1. Luogu P1450 [HAOI2008] Coin Shopping

• Problem Description: There are $4$ types of coins with denominations $c_1, c_2, c_3, c_4$. A person goes shopping, and there are $d_1, d_2, d_3, d_4$ coins of each type. Find the number of ways to pay a total value of $s$. Multiple queries (up to $10^5$ times) with fixed coin denominations.
• Core Problem Essence: The number of feasible solutions for the multiple knapsack problem is transformed into a complete knapsack with exclusion principle extraction.
• Core Solution Idea: Since the number of queries is extremely high, it is impossible to run the multiple knapsack for each query. Because the coin denominations are fixed, we can first run a normal complete knapsack to preprocess the array $f[s]$ without limiting the number of each coin type. For each query, the invalid cases are those where “at least one type of coin exceeds the limit.” Since there are only $4$ types of coins, we can directly use the state count of only $2^4 = 16$ types of state compression exclusion. If the $i$-th type of coin is limited to exceed, it means forcibly putting in $c_i \times (d_i + 1)$ of value, and the remaining capacity can be filled freely, meaning the number of ways is $f[s - c_i \times (d_i + 1)]$. Correcting the excess contributions generated by the complete knapsack through odd-even adjustments.
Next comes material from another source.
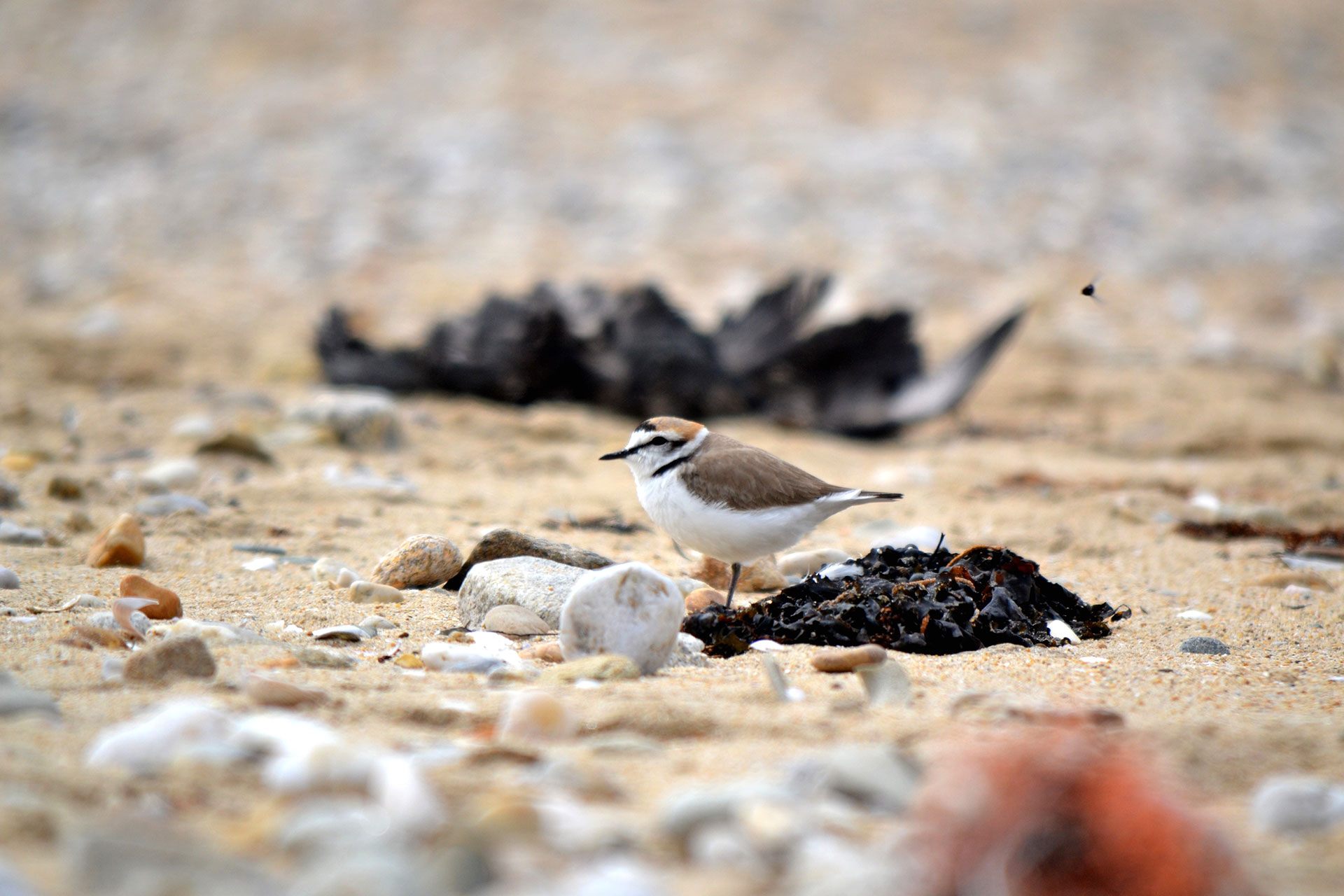 Pas évident de couver au sol dans un lieu aussi fréquenté… Le gravelot à collier interrompu doit composer avec toutes les activités humaines du littoral. Pour éviter de voir ses œufs menacés, une seule stratégie : partir en courant vers la mer pour attirer le prédateur à sa suite… Bon comédien, il peut même se faire passer pour une proie facile en simulant une aile cassée !

2. Luogu P2567 [SCOI2010] Lucky Numbers

• Problem Description: Numbers composed only of 4 and 7 are called lucky numbers (e.g., 4, 7, 44, 47). If a positive integer can be divided by any lucky number, it is called a magical number. Find the number of magical numbers in the interval $[A, B]$. $1 \le A \le B \le 10^{10}$.
• Core Problem Essence: Counting the union of non-coprime sets over a large range.
• Core Solution Idea: First, use DFS to search for all base lucky numbers within the range $[1, B]$, removing redundant numbers that have multiplicative relationships (e.g., having 4 means 44 is unnecessary). After filtering, the remaining number of lucky numbers is about in the hundreds. Since hundreds of numbers cannot directly apply the $2^n$ state compression exclusion, we must perform pruning DFS search exclusion. During the search for combinations, once the current least common multiple $lcm > B$, direct feasibility pruning is performed. The depth of the search tree naturally serves as bits_count, completing the implementation of the inclusion-exclusion principle over a large range.